It has been shown that only measuring the means of MOSap and MOSml was not enough to understand the entire aspect of control mechanisms (McAndrew et al., 2011). Means of MOSap and MOSml could not demonstrate how each step related to the next step because mean MOSap and MOSml only quantified overall stability over each walking condition. Quantifying step-to-step MOSap and MOSml variabilities could investigate how individuals control their step-to-step stability under different types of mastoid vibrations like other studies (Hausdorff et al., 1995; Gates et al., 2007). In the current study, the MOSap and MOSml variabilities were significantly larger when the vestibular system was perturbed, and similar changes have also been found during other sensory perturbations in other studies (McAndrew et al., 2011; McAndrew Young et al., 2012; Roeles et al., 2018). In other words, the step-to-step stability required high demands in controls to actively resolve the sensory-conflicted conditions in both anterior-posterior and medial-lateral directions (Hu and Chien, 2021) when either bilateral or unilateral vestibular vibration was provided. Additionally, in the current study, step-to-step stability required even higher demands in controls to counter the instability (Kazanski et al., 2021) induced by the above-mentioned vestibular illusion in the medial-lateral direction when unilateral vestibular vibration was provided than when bilateral vestibular vibration was provided.

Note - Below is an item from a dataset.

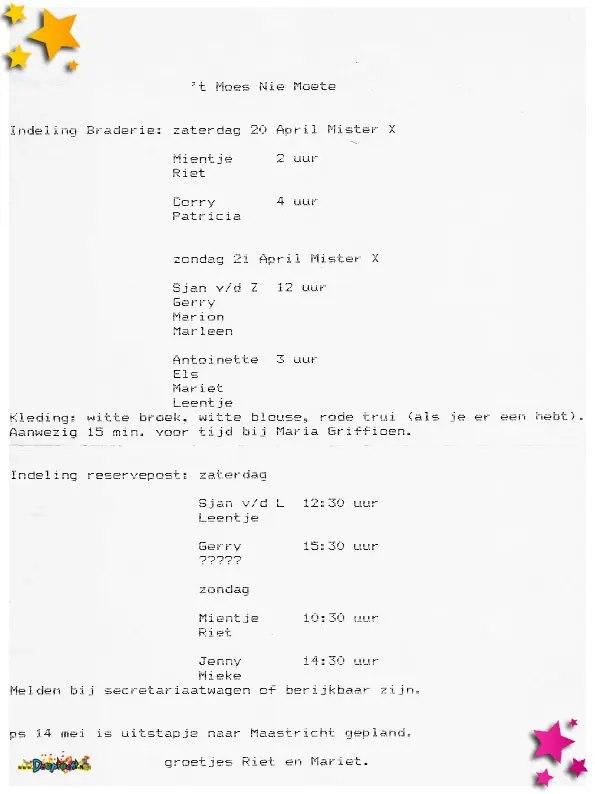 Carnavalsvereniging ’t Moes Nie Moete hielp (net als vele andere carnavalsclubs) mee met de Braderie. Dit was de takenlijst.

Using Dominant Leg to Control the Margin of Stability in the Medial-Lateral Direction

In regular walking, investigating MOSap on one leg or mean MOSap from both legs was sufficient for determining representative characteristics ( Süptitz et al.,2012). The direct evidence was that when instructing a healthy young adult to walk at five different speeds on a treadmill (from 1.0, 1.2 … to 2.0 m/s), the symmetric index of MOSap did not change with changing speeds, suggesting that investigating the MOSap in one leg was sufficient (Süptitz et al., 2012). However, this above-mentioned study (Süptitz et al., 2012) had one fundamental flaw, that is, the MOSml was neglected. The current study confirmed that the symmetric index of MOSap did not change regardless of whether the mastoid vibrations were applied or not. Also, the symmetric index of MOSap was 2.77% for the bilateral mastoid vibration condition, 1.65% for the no mastoid vibration condition, and 2.72% for the unilateral mastoid vibration, indicating a symmetric gait pattern because the symmetric index was below 8% (Süptitz et al., 2012). However, the current study found that applying either bilateral or unilateral mastoid vibration significantly increased the MOSml than no vibration condition. Also, larger MOSml was found in the dominant leg than in the non-dominant leg in all the conditions. This result was similar to Tisserand's study in that a larger MOSml was observed in the non-paretic side compared to the paretic leg (Tisserand et al., 2018). In other words, the dominant leg could potentially play a leading role in making a pattern/trajectory for controlling in advance. Then, the non-dominant leg followed the control mechanism that the dominant leg had been made. Due to the perturbed vestibular system in the current study, the somatosensory/proprioceptive sensor systems might increase gain in the dominant leg (Chien et al., 2016), resulting in the increase of MOSml. We speculated the purpose of this dominant-leg control mechanism was to simplify/optimize the control and then to transfer the learned trajectory to the non-dominant leg to prevent slipping under perturbed sensory situations.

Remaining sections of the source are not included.